There are basically two approaches to storing digital video images. We can store whole programs and create databases that contain metadata. And we can store all of the clips that are included in the program as separate files and then rely on edit decision lists (EDLs) to serve as blueprints for our broadcasts. Both options rely on some form of stratification of the media. Stratification is a system of video annotation that uses time-codes to identify marking points within an audio or video object. Descriptions can be linked to these points by storing them with the time-code information. In the same way that video may contain many tracks, metadata may also have several layers, each with its own set of referenced time-codes. For example, a transcript may occupy one metadata layer, while captioning information may occupy another. Other layers may include DVS material, copyright, or image content description.
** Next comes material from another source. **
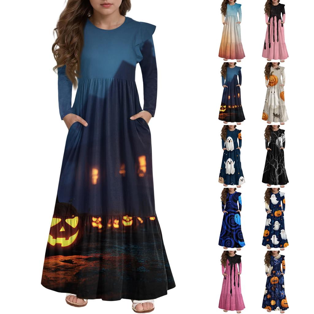 Girls' Tiered Ruffle Dress Halloween Day - Long Sleeve Printed Maxi With Pockets

Even as storage space becomes limitless and more reliable, we still need to grapple with the problem of software obsolescence. Storing the same information in many different standard and proprietary formats may be one way to protect our assets, but this approach will require a great dependency on software tools to keep track of them. Broadcast materials are built upon a hierarchy: series, program, segment, clip, and even a single frame. Tools will have to be robust enough to manage these materials on all levels. As Howard Besser writes, those concerned with preservation need “to move away from an artifact-based approach [to preservation] and instead adopt an approach that focuses on stewardship of disembodied digital information” (Besser 2001, 4).
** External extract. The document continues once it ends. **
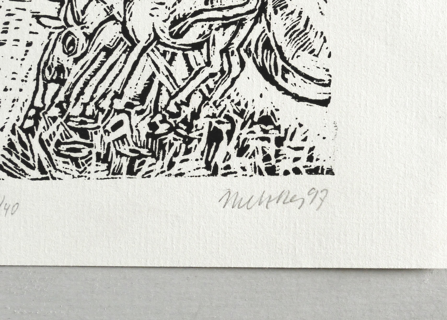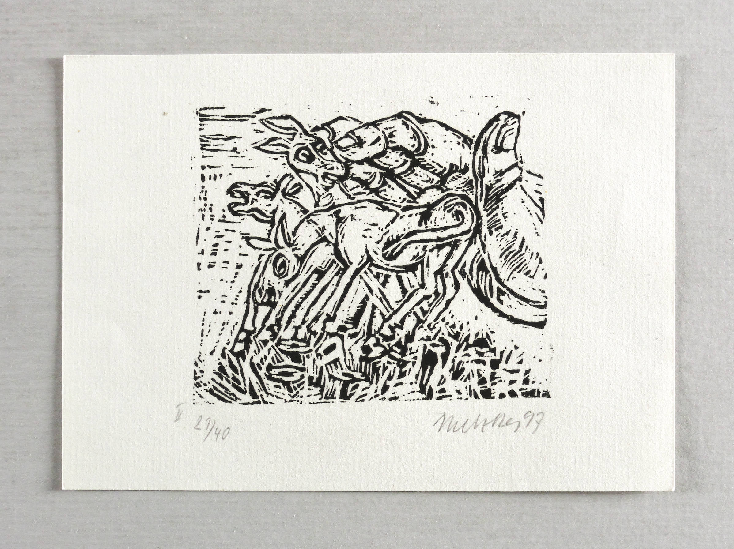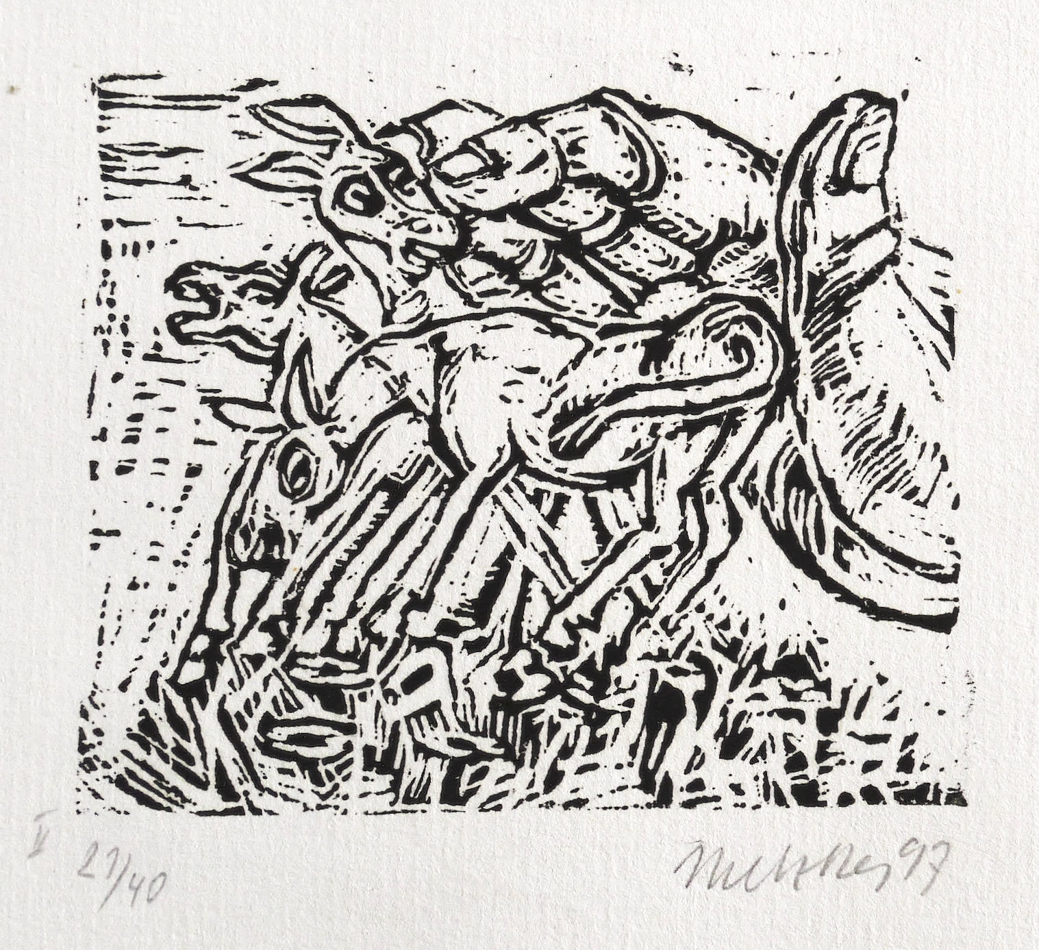1982/1997. Holzschnitt, in Schwarz, auf Maschinenbütten. – Originale Künstlergrafik, von Harald Metzkes. – Auflage Exemplar Nr. 21/40. – 7,3 x 8,5 cm (Darstellung / Druckbild), 11 x 15 cm (Blatt).

In the archival communities, the debate over digital preservation has focused on three strategies: migration, emulation, and bundling.
Migration is the process of moving data from a digital format that is determined to be obsolete to a platform that is currently in use. As a preservation strategy, migration is prone to bad judgment calls. As a technical solution, migration may damage the essence of the material by dropping crucial data that could result in its loss of function or in its original look and feel.
Emulation approaches the problem through a kind of a virtual time machine. It aims to sustain a digital object’s original look and feel by mimicing the application that created the object, the operating system upon which the application ran, and the hardware platform upon which the operating system was housed. This is not a one-time, fix-all strategy. Emulation software will have its own hardware and operating system dependencies. The virtual time machine itself may have to be emulated.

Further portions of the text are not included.